▸ **Problem description**: Go to the line containing "Delikatne piórko ze" and retype it and every later line exactly as written, up to the last line of the entries. Keep pictures out.

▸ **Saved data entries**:
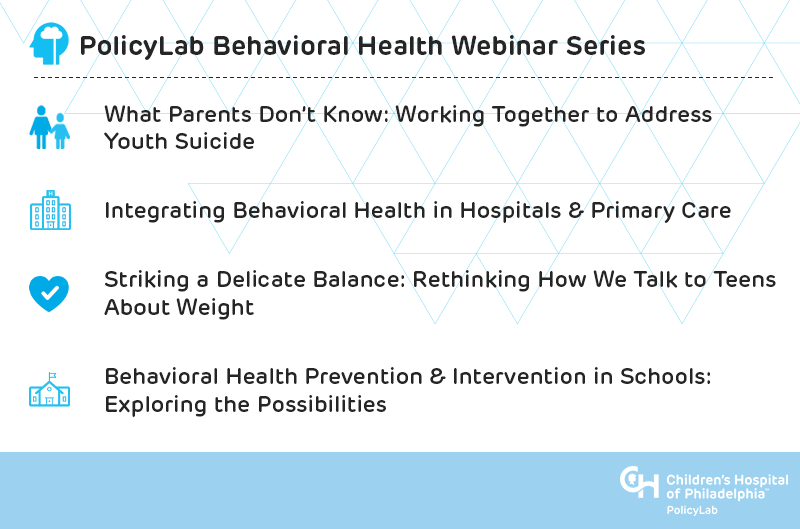 Recognizing this opportunity and the importance of this topic, we’re partnering with Children’s Hospital of Philadelphia’s Department of Child and Adolescent Psychiatry and Behavioral Sciences to launch a fifth PolicyLab portfolio later this year focused exclusively on behavioral health. Behavioral health has always been a critical part of our work here at PolicyLab—it’s the only topic that currently spans all four thematic research portfolios—and has continued to take shape as new behavioral health experts have joined our team. The addition of this portfolio will allow a multitude of researchers to look across the spectrum of mental and behavioral health and develop collaborations to enhance and augment this important work.
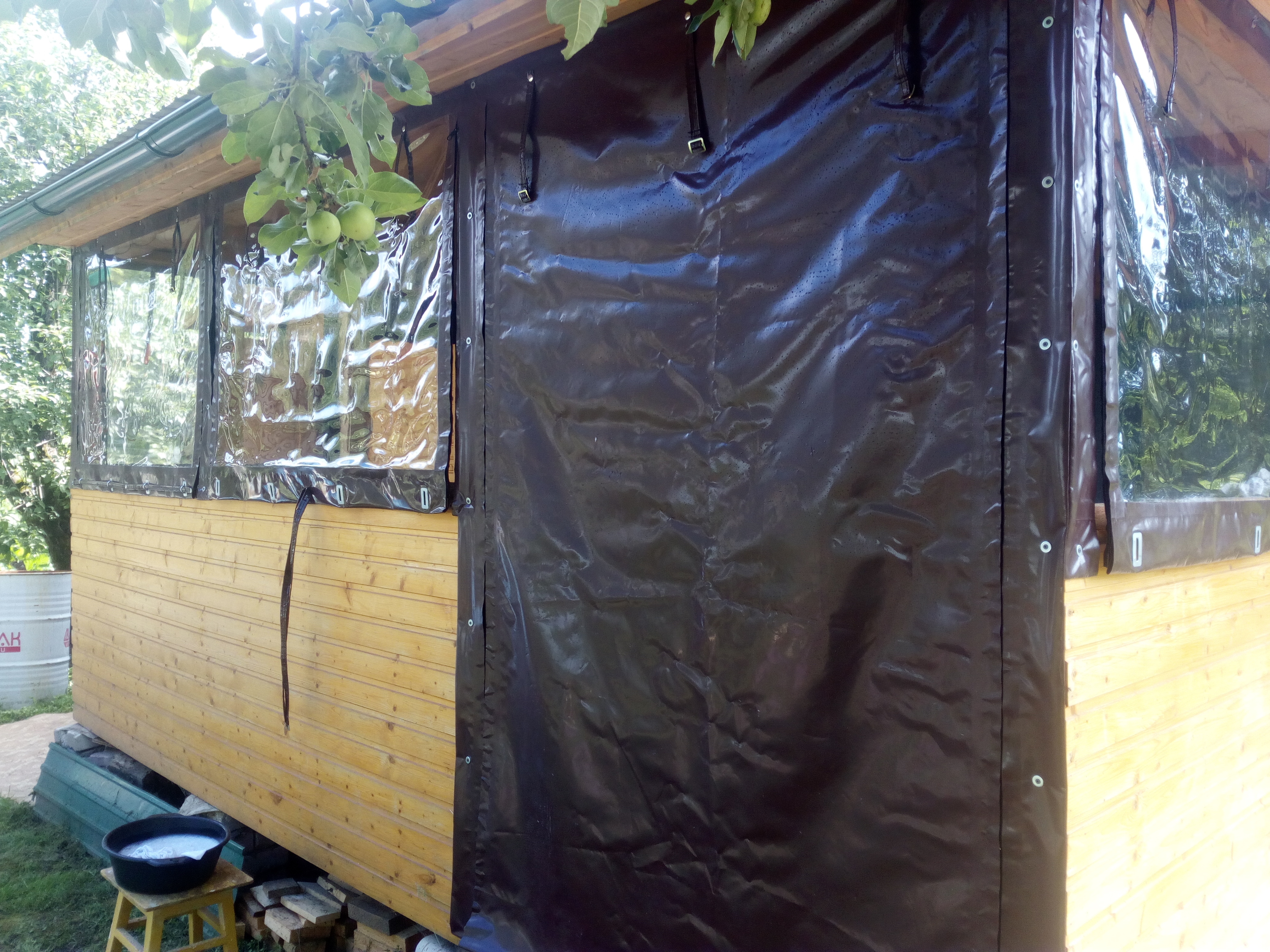 Если планируется использовать место и на морозе, то стоит помнить про светонепроницаемость полипропилена. Возможно, потребуется доводка с помощью канцелярского ножа, чтобы вырезать оконные и дверные проемы.
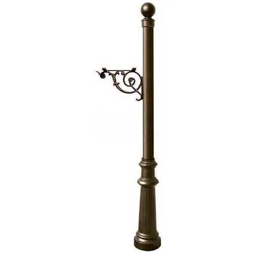 Lewiston Post with Support Brace, Decorative Fluted Base & Ball Finial, (No Mailbox), Bronze
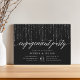 Nuestras elegantes invitaciones a la fiesta de compromiso en moda en blanco y negro cuentan con un rico fondo negro con cuerdas de luces blancas en la parte superior, y "fiesta de compromiso" en la tipografía de guiones de caligrafía de moda. Personalice con sus detalles de celebración de compromiso debajo de las letras blancas.
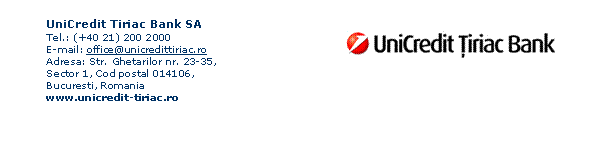 UniCredit Tiriac Bank este o banca universala ce ofera produse si servicii calitative la standarde internationale atat persoanelor fizice, companiilor mici si mijlocii, cat si marilor corporatii multinationale din Romania. In plus, clientii lor beneficiaza de toate avantajele oferite de o retea extinsa, la care se adauga avantajul cunoasterii pietei locale si cel al apartenentei la un important grup bancar.
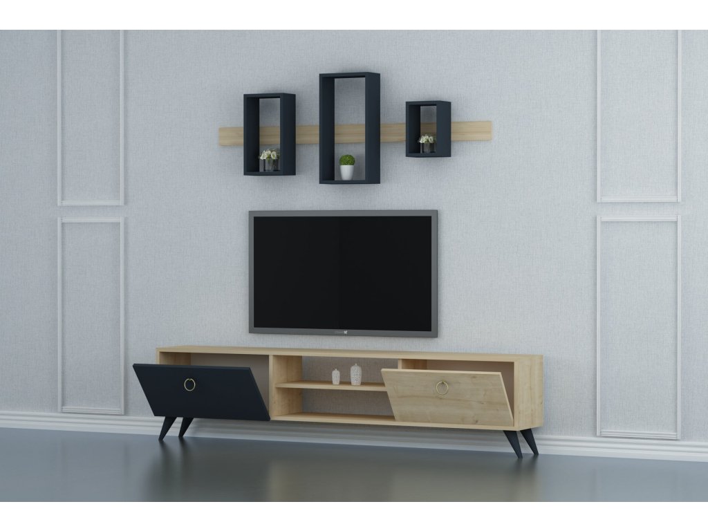 Sestava televizního stolku a závěsné police je vyrobena z laminátové desky v barevném provedení černá/dub artisan. Čela dvířek úložných prostor jsou z plastu. Rozměr televizního...
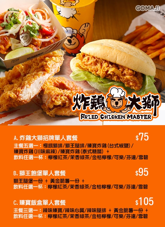 貼近年輕朋友的潮流享樂;三五好友 Party 的必備點心。【炸鷄大獅】挾著雞肉達人的專業,嚴選有履歷的健康雞肉,在專家研發的配方下,打造「香透你嘴,汁汁入味」的感動。不管是「臻寶 JIMBO」或「極餓獅排」等各種人氣炸雞產品,每一口都能像華爾滋般的溜進您的嘴裡。每次相聚最需要的歡樂伙伴,「大獅的炸雞,炸雞大獅」與年輕人永遠膩在一起!
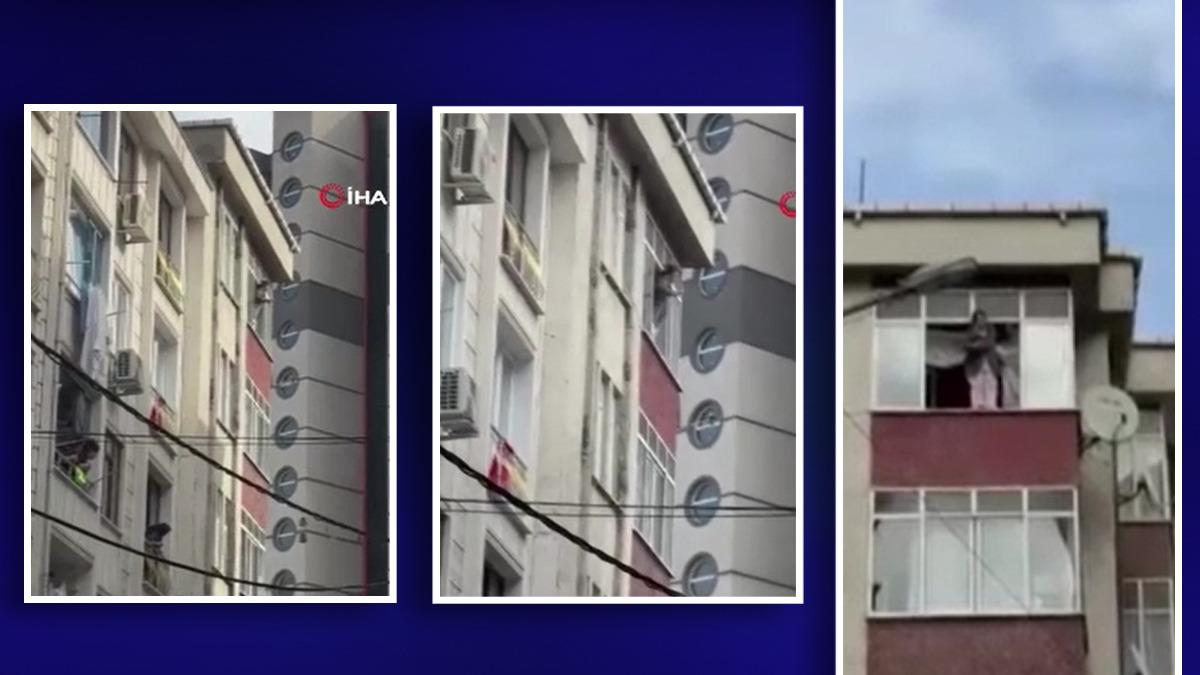 Deprem sırasında cama çıkarak çığlıklar atan bir kadın kameralara yansıdı.
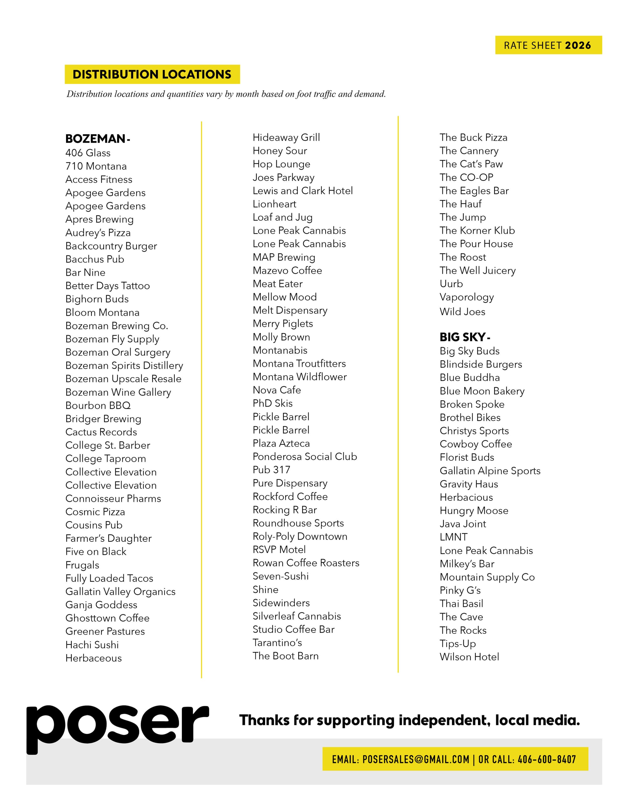 We print 5,000 copies monthly and drop them at over 90 high-traffic spots across Bozeman and Big Sky—breweries, bars, coffee shops, restaurants, campus hotspots, and more. As we expand across the Treasure State, we’re winning the hearts of posers and native Montanans alike.
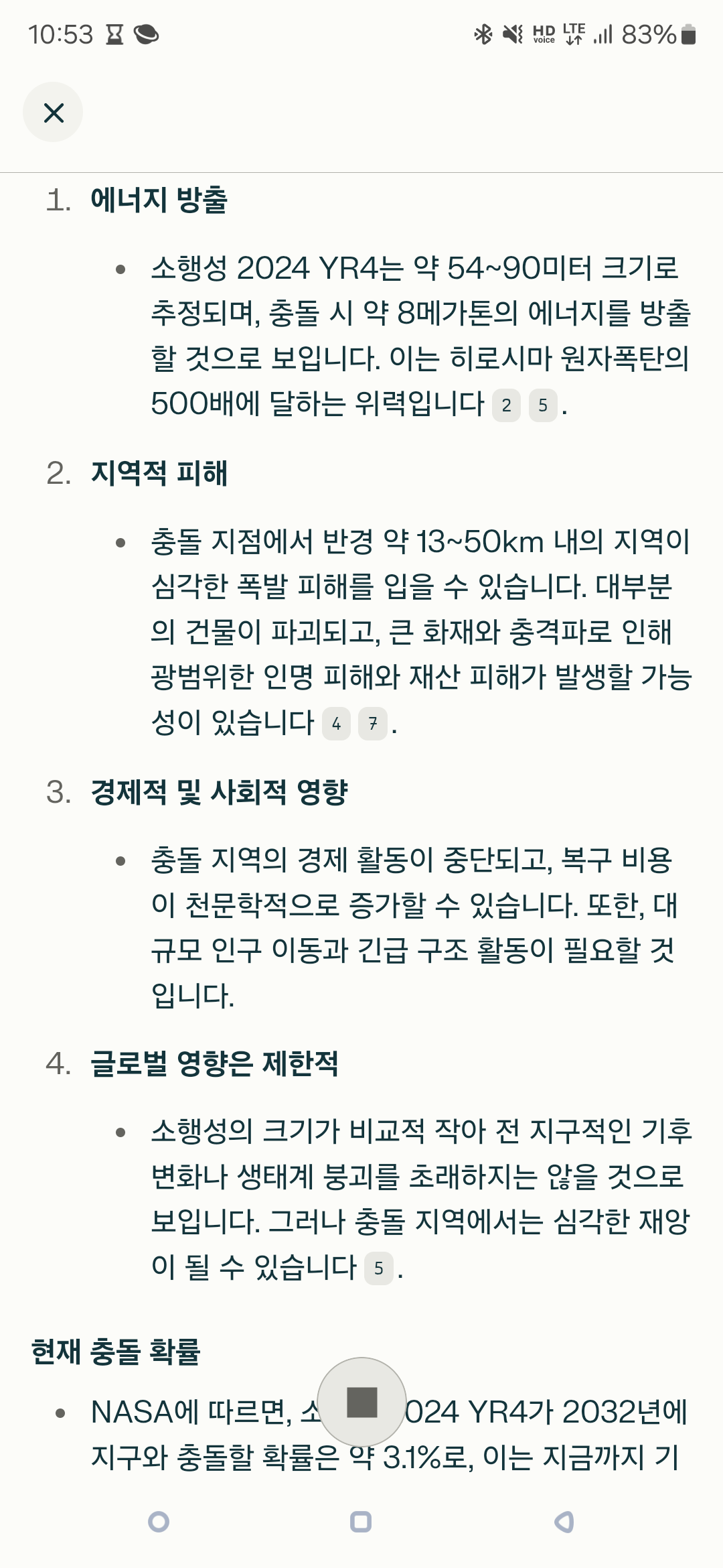 댓글보고 무서워서 찾아보니 11km 폭 정도의 분화구 형성되는 수준의 충돌이라고 함 어디 사람사는 곳에다 직격하는 거 아니면 될 듯 | 25.02.19 11:03 | | |
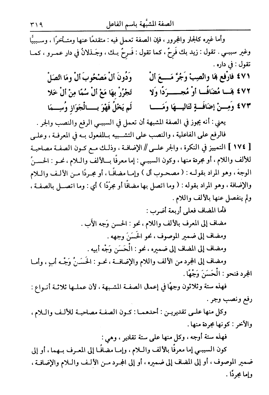 يعني: أنه يجوز في الصفة المشبهة أن تعمل في السببي الرفع والنصب والجر. فالرفع على الفاعلية، والنصب على التشبيه بالمفعول به في المعرفة، وعلى [174] التمييز في النكرة، والجر على // الإضافة، وذلك مع كون الصفة مصاحبة للألف واللام، أو مجردة منها، وكون السببي: إما معرفًا بالألف واللام، نحو: الحسن الوجه، وهو المراد بقوله: (مصحوب أل) وإما مضافًا، أو مجردًا من الألف واللام والإضافة، وهو المراد بقوله: (وما اتصل بها مضافًا أو مجردًا) أي: وما اتصل بالصفة، ولم ينفصل عنها بالألف واللام.
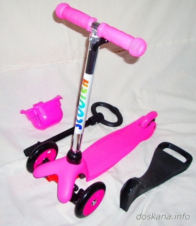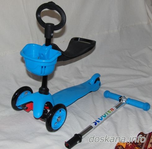 Самокат трёхколёсный 3 в 1 с сиденьем новый Scooter- оригинальный самокат для самых маленьких трансформирующийся из каталки в обычный самокат. Для этого в комплекте есть два съёмных руля - О-образный с сиденьем и корзинкой и Т-образный. Управляется самокат путём наклона руля
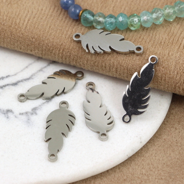Delikatne piórko ze stali szlachetnej 201 - łącznik idealny do makramy lub łańcuszka.
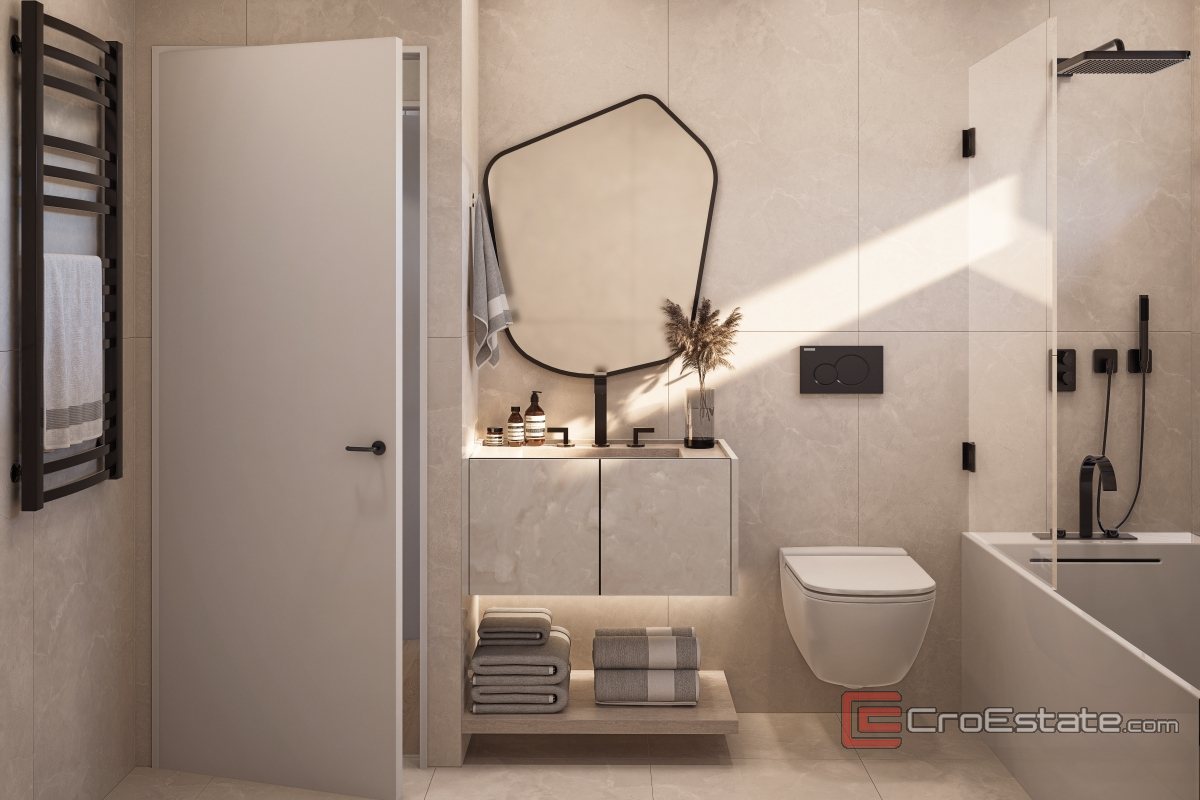 Besonderes Augenmerk wurde auf die Bauqualität und die Materialauswahl gelegt – es wurden hochwertige Fliesen und Sanitärkeramik verwendet, und in jedem Zimmer wurde eine Klimaanlage installiert, die das ganze Jahr über für eine angenehme Temperatur sorgt. Sicherheitstüren und die Möglichkeit einer individuellen Inneneinrichtung in Zusammenarbeit mit professionellen Innenarchitekten heben den Standard dieser Immobilie zusätzlich hervor.

▸ **Answer for this exercise**:
Delikatne piórko ze stali szlachetnej 201 - łącznik idealny do makramy lub łańcuszka.
 Besonderes Augenmerk wurde auf die Bauqualität und die Materialauswahl gelegt – es wurden hochwertige Fliesen und Sanitärkeramik verwendet, und in jedem Zimmer wurde eine Klimaanlage installiert, die das ganze Jahr über für eine angenehme Temperatur sorgt. Sicherheitstüren und die Möglichkeit einer individuellen Inneneinrichtung in Zusammenarbeit mit professionellen Innenarchitekten heben den Standard dieser Immobilie zusätzlich hervor.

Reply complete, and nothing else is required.